WORK REQUEST ▸
At the line containing "Perfectly quiet, this", begin an exact copy, and continue through the last line of the entries below. Leave out any pictures.
INFORMATION SUPPLIED section start
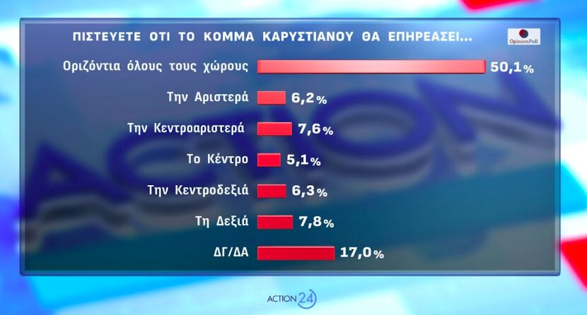 Όσον αφορά στο ποιον πολιτικό χώρο θα επηρεάσει το υπό δημιουργία κόμμα της Μαρίας Καρυστιανού, η πλειονότητα των ερωτηθέντων (50,1%) πιστεύει ότι θα επηρεάσει οριζόντια όλους τους χώρους. Το 7,8% εκτιμά ότι θα επηρεάσει τη Δεξιά, το 7,6% την Κεντροαριστερά, το 6,3% την Κεντροδεξιά, το 6,2% την Αριστερά και το 5,1% το Κέντρο. Το 17% δεν γνωρίζει ή δεν απαντά.
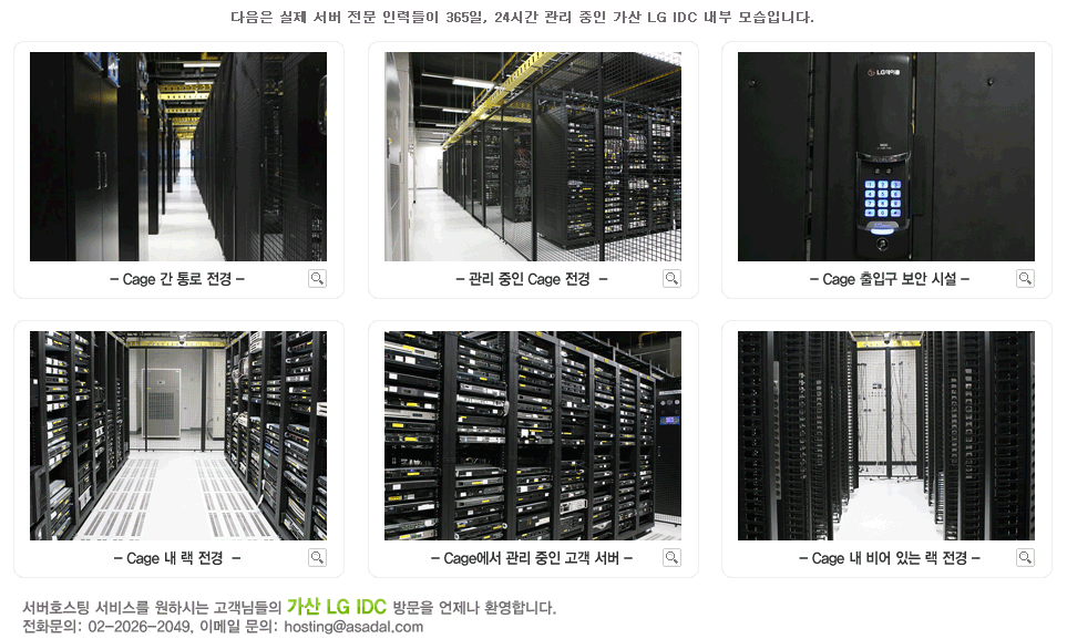 | 가산 LG IDC의 보안 센터는 상황실 통제 아래 3단계 보안이라는 첨단 보안 센터를 운영 중에 있으며 RFID 시스템을 통한 철저한 모니터링 및 신속한 대응을 목표로 하고 있습니다. |
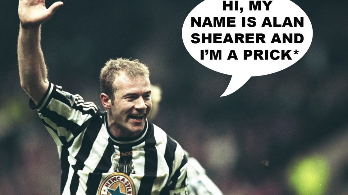 For all I know, Alan Shearer is a very nice man. I’ve never met him.  He may be a pillar of his community in Newcastle, he may have given time and money to charity, built homes for the homeless, he may be the most approachable man in all the land. But to me, he’s a prick.
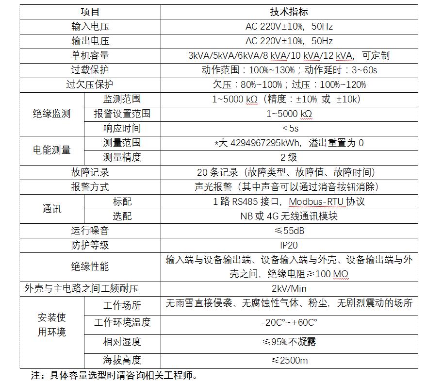 ■保障人身安全。装置限制了负载侧电网的漏电流,人体误触碰到单根供电线路时,能对人 体进行保护,不会造成触电事故。
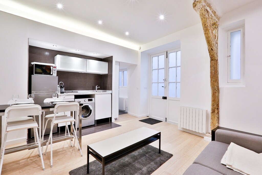 Perfectly quiet, this beautiful bright 20 m² studio offers a sweeping view of the charming neighboring church and our magnificent tree-filled courtyard. It consists of a palace-sized bed, a dining area, an open fully equipped kitchen with dishwasher and washer-dryer, and a shower room with toilet. The photos are not contractual; there are different layouts and types of furniture, all equally pleasant, which will be assigned to you depending on availability.
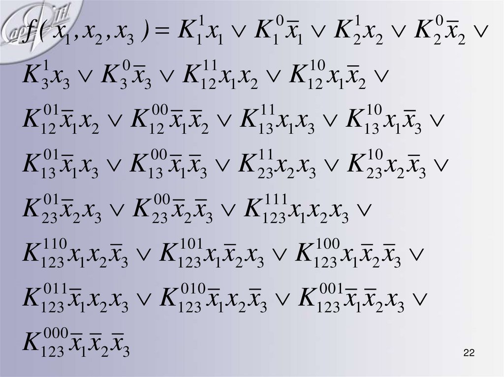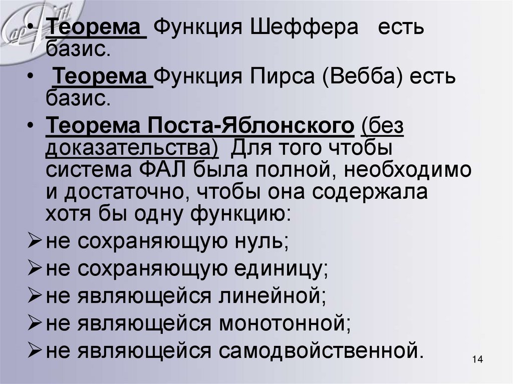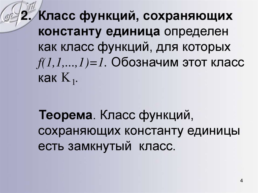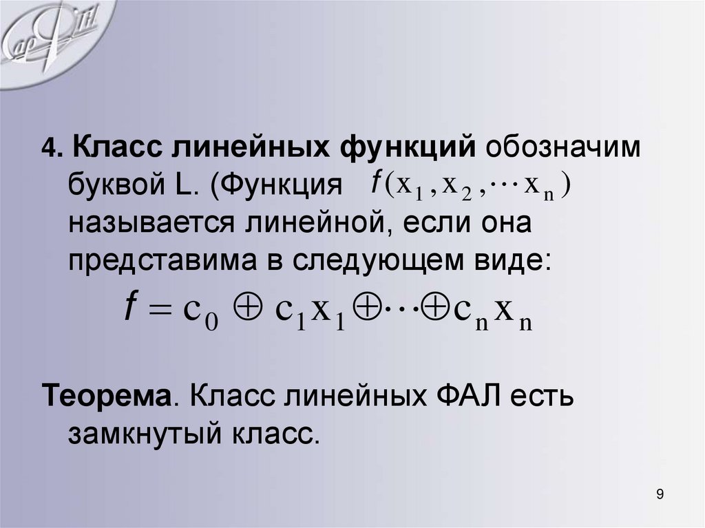 4. Класс линейных функций обозначимбуквой L. (Функция f ( x 1 , x 2 , x n )
INFORMATION SUPPLIED section end
WORKED SOLUTION ▸
 Perfectly quiet, this beautiful bright 20 m² studio offers a sweeping view of the charming neighboring church and our magnificent tree-filled courtyard. It consists of a palace-sized bed, a dining area, an open fully equipped kitchen with dishwasher and washer-dryer, and a shower room with toilet. The photos are not contractual; there are different layouts and types of furniture, all equally pleasant, which will be assigned to you depending on availability.
 4. Класс линейных функций обозначимбуквой L. (Функция f ( x 1 , x 2 , x n )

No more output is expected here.